A long time ago, there was a big sickness called COVID-19 that made many people and businesses very sad. This made the money place where people buy and sell things called stocks go down a lot. But then, the people who help make things better started to work hard and make new medicines and ways to stop the sickness. So, the stocks went up again and now they are almost as high as before the big sad time. If you had bought some of these stocks when they were very low, you could have made a lot of money now. Read from source...
1. The title is misleading and clickbaity. It implies that the reader will learn how much they would have made if they invested $1,000 in SPY at the 2020 pandemic lows. However, the article does not provide any actual calculations or numbers to support this claim. Instead, it offers a vague and general overview of the market situation without giving any specific details or insights.
2. The article uses outdated and irrelevant data. For example, it mentions the market staged a V-shaped recovery and resumed its uptrend that lasted until the end of 2021. This is inaccurate, as the S&P 500 has continued to climb higher since then, reaching new all-time highs in March 2023. Additionally, it refers to the equity market plummeting shortly after the COVID-19 pandemic, which ignores the fact that the market had already been on a downtrend before the pandemic began.
3. The article lacks any critical analysis or objective evaluation of the market situation. It simply repeats the common narratives and mainstream opinions without questioning their validity or accuracy. For instance, it claims that the S&P 500 currently trades just shy of its all-time highs, indicating investor optimism about the economy's future direction. However, this statement does not account for other factors that may influence the market, such as inflation, interest rates, geopolitical tensions, or macroeconomic imbalances.

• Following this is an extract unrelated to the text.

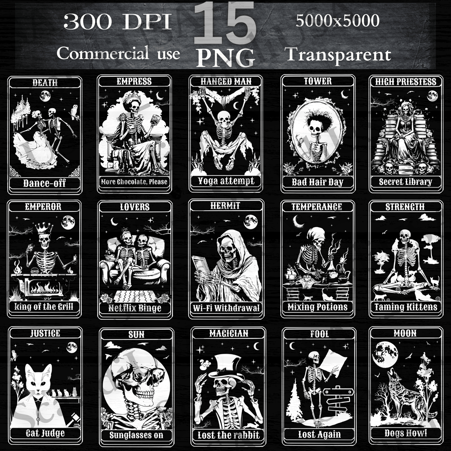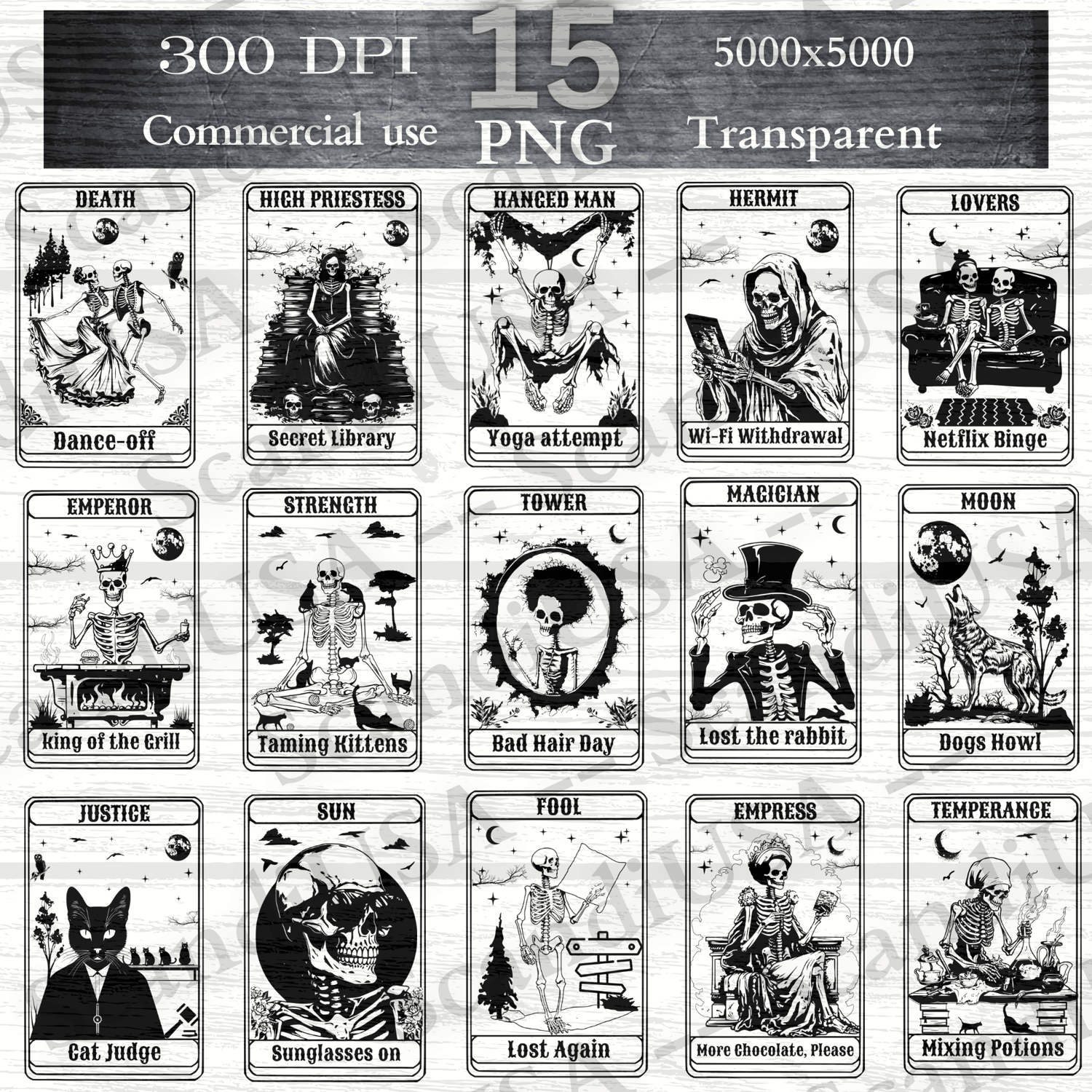 Funny Tarot Cards Bundle, 15 Black & 15 White in 1 Bundle Price

4. The article demonstrates a lack of understanding and awareness of the underlying causes and consequences of the market turmoil post-COVID-19. It fails to address the root causes of the pandemic, such as the failure of global public health systems, the inadequacy of social safety nets, or the environmental factors that contribute to the emergence and transmission of zoonotic diseases. Moreover, it ignores the long-term impacts of the crisis on various sectors, industries, and communities, such as the rise of inequality, poverty, unemployment, mental health issues, or climate change.